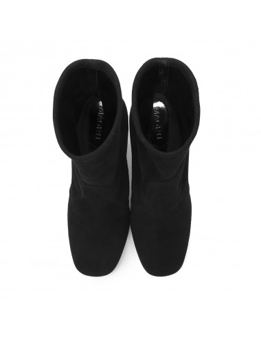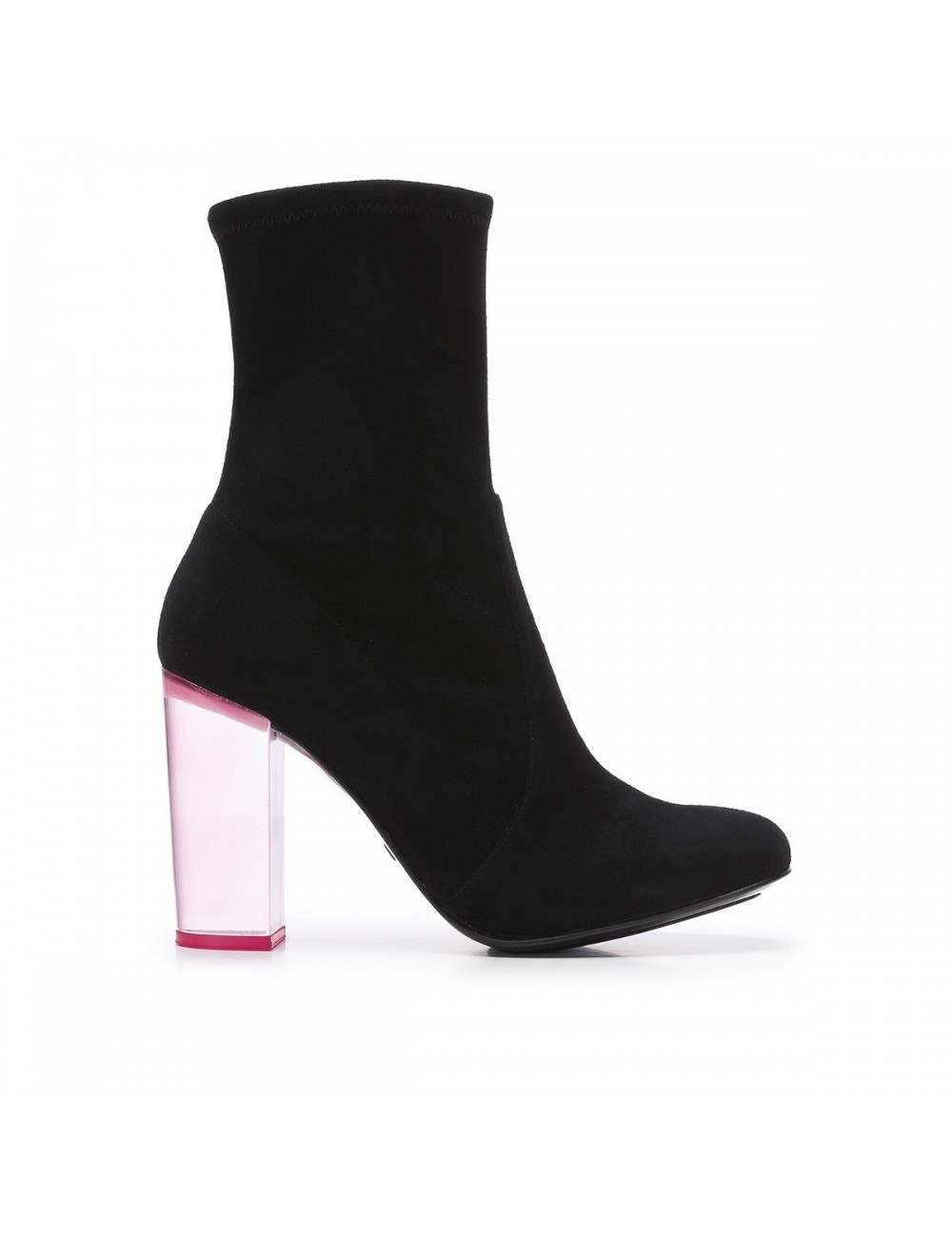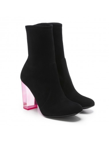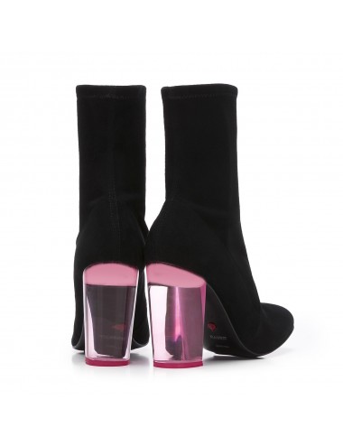 Botín de punta redonda fabricado en ante elástico negro. Original tacón de 10 cm fabricado en metacrilato de color rosa. Marca la diferencia en tus looks con este maravilloso tacón en tonos fluor. ¡Diversión y estilo en tus pies!
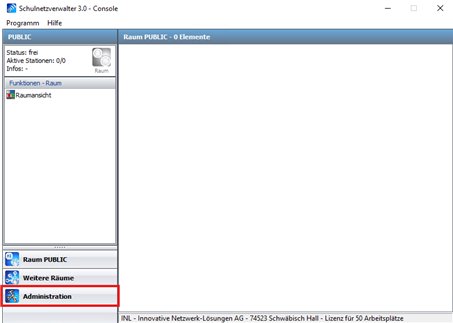 Um zu sehen, ob die Installation erfolgreich war, öffnen Sie die snv®Console und klicken unten links auf Administration.
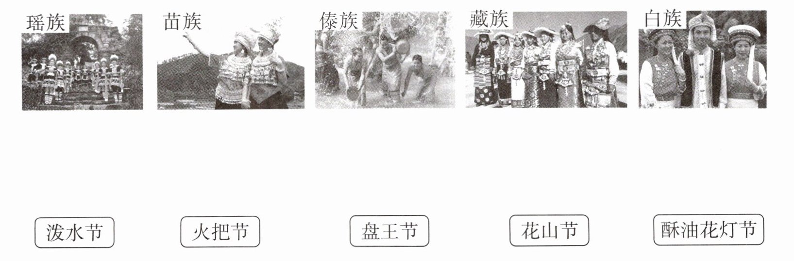 瑶族——盘王节 苗族——花山节 傣族——泼水节 藏族——酥油花灯节 白族——火把节

============

#### Task to complete
Please set down each line of the data above exactly as written, without the pictures.

#### Answer to the exercise
 Botín de punta redonda fabricado en ante elástico negro. Original tacón de 10 cm fabricado en metacrilato de color rosa. Marca la diferencia en tus looks con este maravilloso tacón en tonos fluor. ¡Diversión y estilo en tus pies!
 Um zu sehen, ob die Installation erfolgreich war, öffnen Sie die snv®Console und klicken unten links auf Administration.
 瑶族——盘王节 苗族——花山节 傣族——泼水节 藏族——酥油花灯节 白族——火把节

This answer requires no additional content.